Tektonika.ru
 
Актуально
Рецензии и интервью
Интервью
Ответный выстрел
Альманах
Шумовклуб
Смоленская музыка
Контакты
 
Ответный выстрел
к другим интервью на Главную

КИТ РИЧАРДС
17 октября 2002 года

Кит Ричардс

- Как вы относитесь к тому мнению, что The Rolling Stones слишком старые для рок-н-ролла? Не звучит ли это для вас как «Проваливайте!»? Не обидно?
- Людям хочется вставлять вам папки в колеса, потому что сами они облысели и обрюзгли и не могут двигаться ни фига. Они просто-напросто завидуют нашей физической форме — по их мнению, так быть не должно: «Как они смеют идти против логики?» Если бы я не обиделся, то первым бы сказал: «Забудьте об этом». Но мы боремся с предрассудками относительно того, каким якобы должен быть рок-н-ролл. Считается, что следует исполнять рок-н-ролл, только когда тебе двадцать — двадцать пять лет — как будто ты теннисист, а потом три операции на бедре, и тебя списали. Мы исполняем рок-н-ролл, потому что он нас заводит. Мадди Уотерсу и Хаулину Вулфу мысль об уходе на отдых казалась смешной. Надо продолжать делать свое дело — почему бы нет?

- Выйдя из возраста тинейджера, вы сразу стали одним из группы The Rolling Stones - не работав нигде до этого, только немного проучившись в школе искусств. Чем бы вы стали заниматься, если бы «Стоунз» не просуществовали так долго?
- Я посещал школу искусств и учился там рекламе, потому что искусству там особенно не обучали. Я послал свое резюме в одно агентство, а там спросили: «Ты хорошо завариваешь чай?" — они рады были поставить вас на место. Я ответил: "Да, но не для вас». Оставил у них свои бумаги и ушел. После окончания школы я никогда и никому не говорил: "Да, сэр».
Если бы у меня ничего не вышло с The Rolling Stores и сейчас я был бы сантехником, я все равно играл бы на гитаре дома по вечерам или собрал группу ребят в пабе. Я люблю музыку, и подозревал, что она станет моей жизнью. Когда я понял, что могу что-то играть, это добавило света в мою жизнь, и я сказал себе: «Пусть ничего другого я не умею, но в этом я знаю толк".

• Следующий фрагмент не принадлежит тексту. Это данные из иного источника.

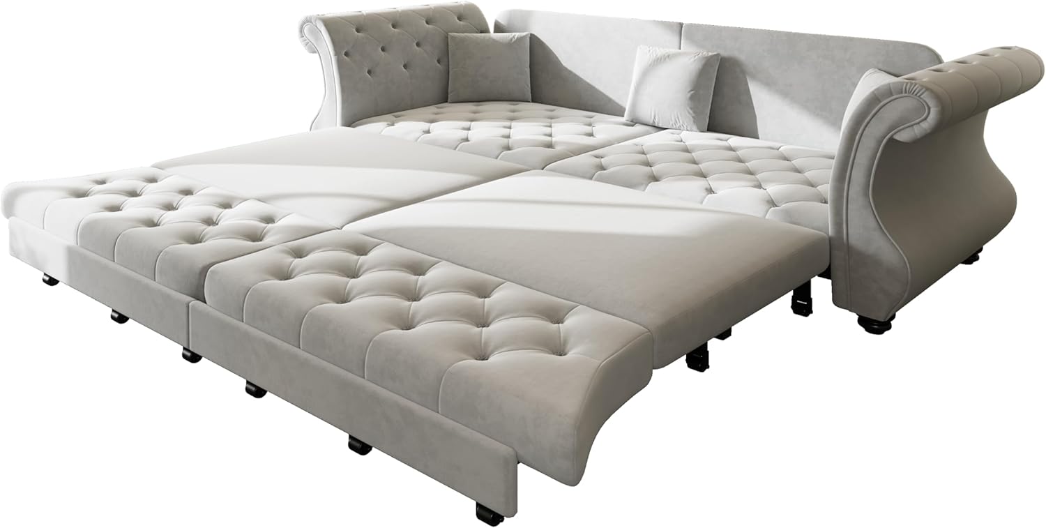 Eafurn 97.6" Oversized Sleeper Sofa Bed Pull Out Couch Bed King Size 4 Seater Chesterfield Loveseat with Rolled Armrest for Living Room ApartmentSpecificationsProduct Type:Sleeper Sofa Couch BedSeating Capacity:4Upholstery Material: VelvetSeat Fill Material:Foam + Pocket SpringsBack Fill Material:FoamFrame Material:Solid + MetalSeat Construction:Solid wood + Sinuous SpringWeight Capacity:300 LBS each seat Weights & DimensionsOverall - sofa:97.6"*32.7"*34.6"HSleeper Size :77.6"*74.8"*12.2"HBack Height :16.5"HSeat Depth:26"Seat Height:18.1"Arm Height:31.1"Product Weight : 145.49 LBSPackage Size ( 2 Boxes )Package 1: 40.6 * 30.3 * 12.6 in. 81.57 lbs.Package 2: 40.6 * 30.3 * 12.6 in. 77.16 lbs.
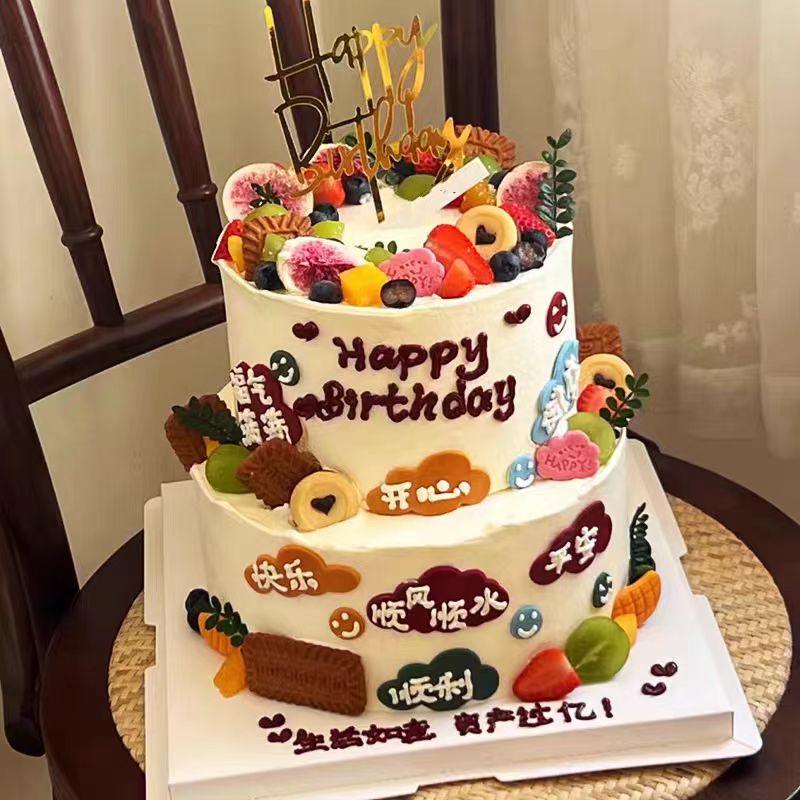 顺风顺水双层加高款水果奶油蛋糕--时令水果装饰

- Не снятся ли вам такие кошмары: вы выходите на сцену, а зал пуст - никто не пришел?
- Это не кошмар. Такое со мной было: Омаха, шестьдесят четвертый год — в зале на пятнадцать тысяч человек сидят всего шестьсот. Огромный город Омаха, куда дошли слухи о The Beatles, предполагалось, что и нас должны встретить так же — эскорт мотоциклистов и все такое. Никто в городе не знал, кто мы такие. Им было по фигу. А это было очень хорошее шоу. Перед горсточкой людей выкладываешься так же, как перед полным залом.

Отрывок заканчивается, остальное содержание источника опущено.